Lol bet your getting sick of me lol with my girls progress every week. Anyways I was really excited about today because for the first time she was wanting to step up and was so eager to do so. Also when she sat on my husbands hand on one foot and tried napping I take that as a comfort sign? Also she isn't doing feeding noises and chirping more. The breeder says 3 more weeks maybe because this clutch is having a hard time eating. We did give her some millet and she attacked is so that's a good sign. I do have one question though I was petting her and she seemed a little ornery and tried biting me how do I address this now. The breeder says to blow in her face but I don't think is something I feel comfortable with as she is still a baby. I want to make sure this won't be a problem in the future though. Ok pic time.

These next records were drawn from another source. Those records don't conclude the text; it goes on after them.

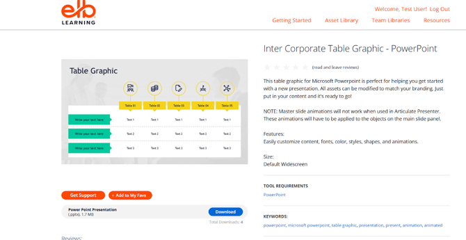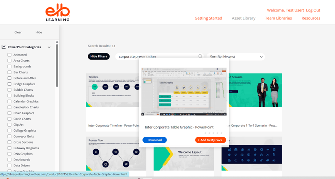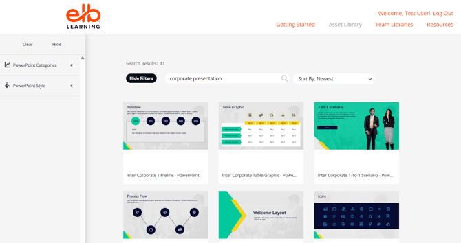 The PowerPoint Template Library within the Asset Library provides professionally designed PowerPoint templates and slide layouts that can be used to create engaging presentations and training materials. These templates help maintain visual consistency and reduce development time.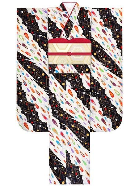 振袖レンタルセット 華亀甲(オフ)/帯 矢羽根(赤)
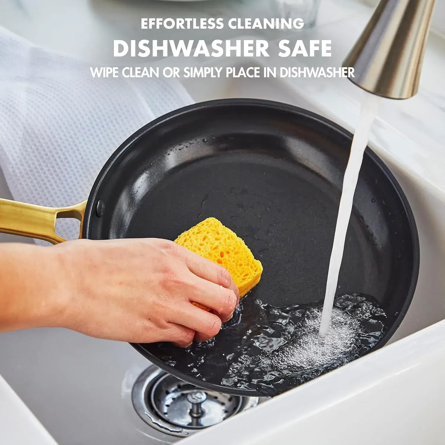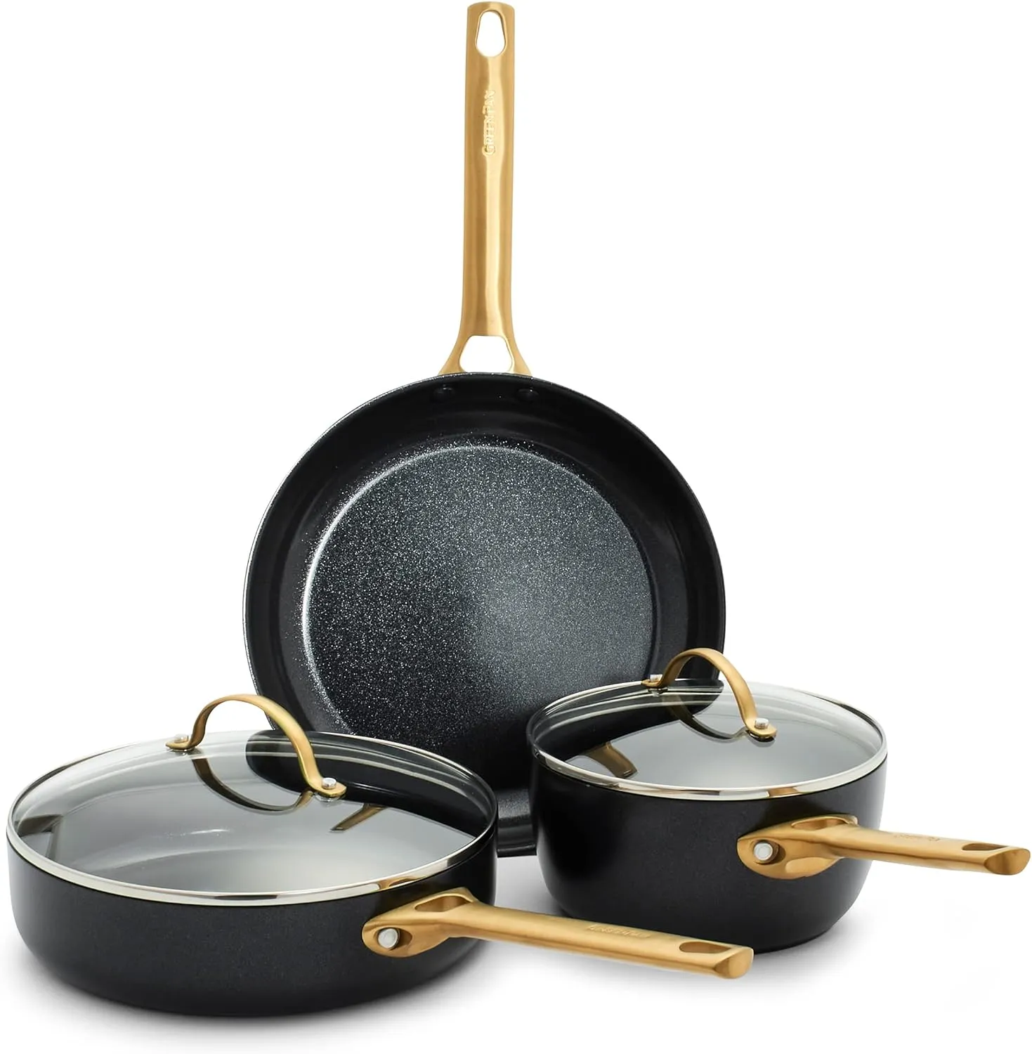 Технологии мирового класса встречаются с минималистичным стилем в ограниченной серии коллекции GreenPan. Изготовленный из жесткого анодированного алюминия для равномерного распределения тепла и устойчивости к царапинам, этот набор из 5 предметов отличается эффектными матовыми ручками с золотой отделкой.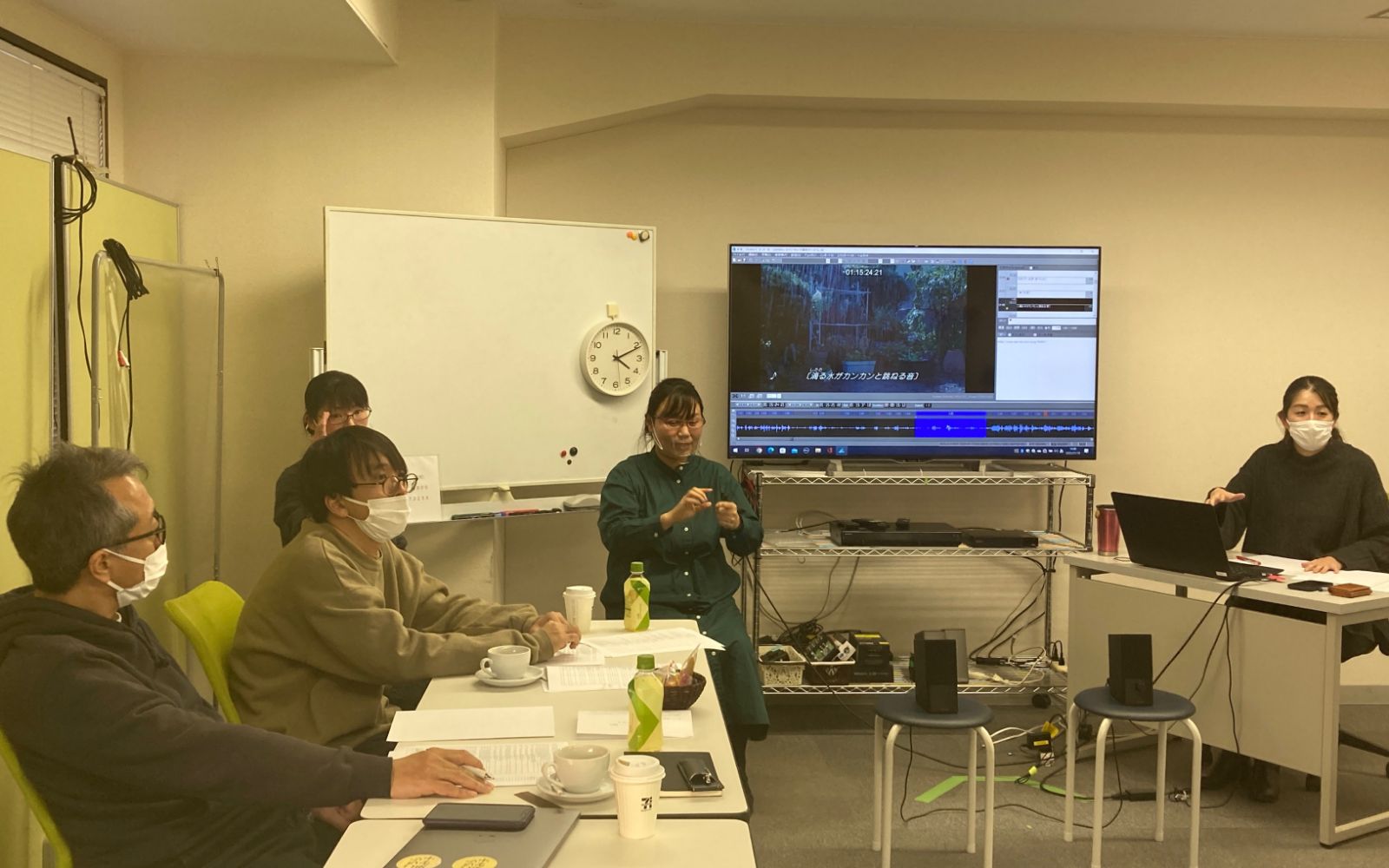 そうはいっても映像作品のバリアフリー化は手間がかかる作業です。音声ガイドやバリアフリー字幕の作成は、ただ台本のト書きを音声にしたり、セリフを文字にしたりするだけではありません。表情や状況、効果音の説明などのほか、登場人物の心理描写やシーンの解釈も必要になります。この「翻訳」作業には、最終的な収録や仕上げまで含めると映画1本あたり1カ月から1カ月半もかかるそうです。さらにPalabra社では、完成前に実際に字幕や音声ガイドを利用する視聴覚障害の当事者と、監督やプロデューサーなど映画製作側に参加してもらい、必ず「モニター検討会」を開いているそうです。

here is a link to her big brother and sister Rickey and Lucy Lucy is the lutino one and Rickey is the blue one. https://www.flickr.com/photos/lillahine/15967579681/in/photostream/lightbox/


----------



## Phoenix2010 (Sep 15, 2014)

That's great! She sounds like she is very comfortable around you, such an exciting time. Maybe she was getting tired and had enough petting?


----------



## Lillahine (Nov 25, 2014)

Lillahine said:


> Lol bet your getting sick of me lol with my girls progress every week. Anyways I was really excited about today because for the first time she was wanting to step up and was so eager to do so. Also when she sat on my husbands hand on one foot and tried napping I take that as a comfort sign? Also she isn't doing feeding noises and chirping more. The breeder says 3 more weeks maybe because this clutch is having a hard time eating. We did give her some millet and she attacked is so that's a good sign. I do have one question though I was petting her and she seemed a little ornery and tried biting me how do I address this now. The breeder says to blow in her face but I don't think is something I feel comfortable with as she is still a baby. I want to make sure this won't be a problem in the future though. Ok pic time.

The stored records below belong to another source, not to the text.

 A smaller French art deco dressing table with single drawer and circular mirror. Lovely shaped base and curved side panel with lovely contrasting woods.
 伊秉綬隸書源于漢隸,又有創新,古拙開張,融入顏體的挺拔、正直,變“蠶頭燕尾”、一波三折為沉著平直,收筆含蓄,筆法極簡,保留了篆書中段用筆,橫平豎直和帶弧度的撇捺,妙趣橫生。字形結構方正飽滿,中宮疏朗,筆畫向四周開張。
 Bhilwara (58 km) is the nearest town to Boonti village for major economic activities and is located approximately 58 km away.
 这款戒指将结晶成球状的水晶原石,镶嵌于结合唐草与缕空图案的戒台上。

Ugg don't know why the pics won't load tonight going to try tomorrow. Just a warning though cuteness overload.


----------



## Lillahine (Nov 25, 2014)

Phoenix2010 said:


> That's great! She sounds like she is very comfortable around you, such an exciting time. Maybe she was getting tired and had enough petting?

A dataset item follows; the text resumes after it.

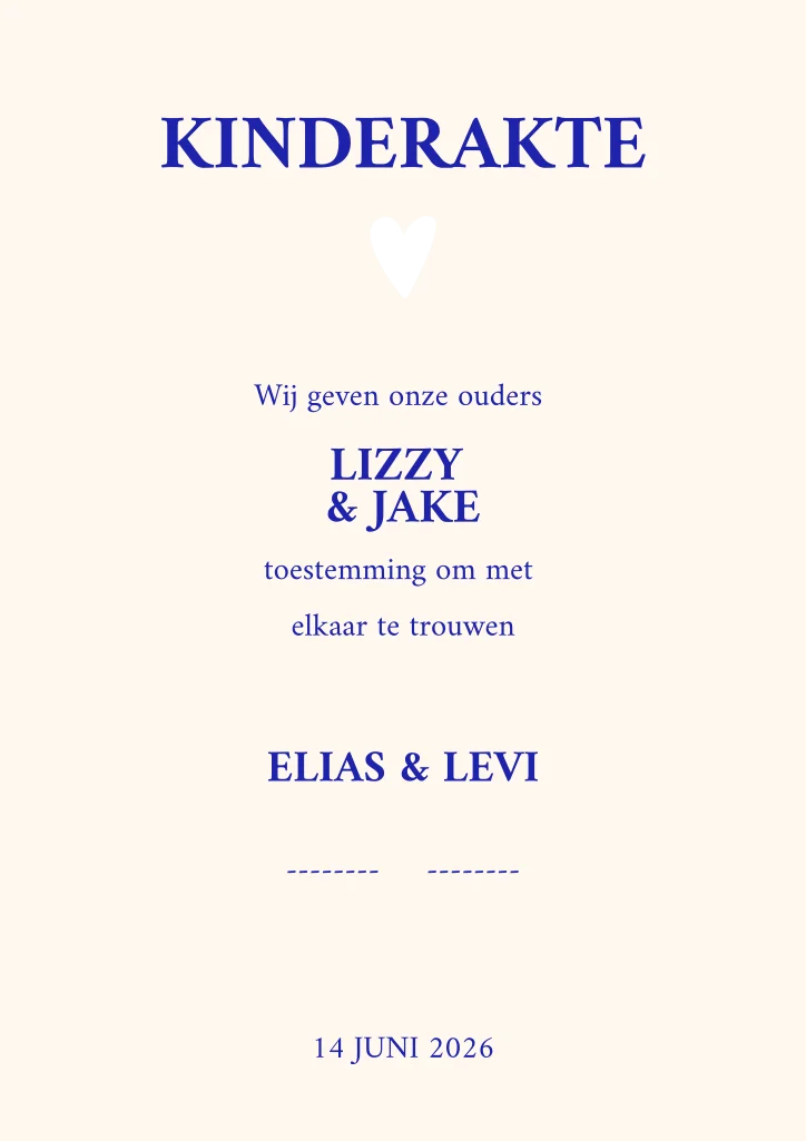 Willen jullie de kinderen ook echt een rol geven tijdens jullie speciale dag? Dan is deze kinderakte echt wat voor jullie! Deze kinderakte is helemaal opgemaakt in stijl van jullie uitnodiging. De tekst is natuurlijk naar jullie wens aan te passen.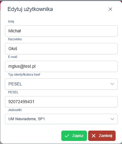 - Możesz również dodać lub odebrać dostęp do Jednostek z poziomu tego okna.

I sure hope that's all it was. She does seem comfortable with us, she had such a great time exploring our shoulders and hair. This experience of buying " an egg" is so amazing every week we see the bird she is becoming. I wouldn't trade this experience for the world.


----------



## han93 (Aug 1, 2014)

Yay, it sounds like she's getting comfortable with you guys! As for the biting, is soft peaking or more aggressive biting? If its soft it could be that she's had enough petting/wants to be pet somewhere else/wants to be pet harder or softer. If its like this it's just her way of communicating with you  

If it's more aggressive she still might be a little afraid of you, and you can combat this behaviour by placing a finger on her closed beak after she's bitten you and say "gentle beak". I've found this method has worked with my tiels


----------



## Lillahine (Nov 25, 2014)

han93 said:


> Yay, it sounds like she's getting comfortable with you guys! As for the biting, is soft peaking or more aggressive biting? If its soft it could be that she's had enough petting/wants to be pet somewhere else/wants to be pet harder or softer. If its like this it's just her way of communicating with you
> 
> If it's more aggressive she still might be a little afraid of you, and you can combat this behaviour by placing a finger on her closed beak after she's bitten you and say "gentle beak". I've found this method has worked with my tiels


Looking back I feel she was just a little annoyed and didn't want to be petted. We are a pushy bunch though lol and have budgies,that hate being petted than are like "ok pet me" after a few bites. So may be just being push from the start. But like I said from my first post I want a needy bird and maybe just being too aggressive in love lol.


----------



## Dolly (Feb 1, 2015)

Awww, you must be so excited as the coming home day gets nearer. Get that pic up on here NOW!


----------



## Lillahine (Nov 25, 2014)

I'll add more when I get on my computer.


----------



## Lillahine (Nov 25, 2014)

Just a few more


----------



## Phoenix2010 (Sep 15, 2014)

Such a pretty baby!


----------



## Dolly (Feb 1, 2015)

So yummy gorgeous! You lucky girl


----------



## Lillahine (Nov 25, 2014)

Dolly said:


> So yummy gorgeous! You lucky girl


Thanks, I can't wait till she gets to come home. Crossing my fingers for 3 weeks.


----------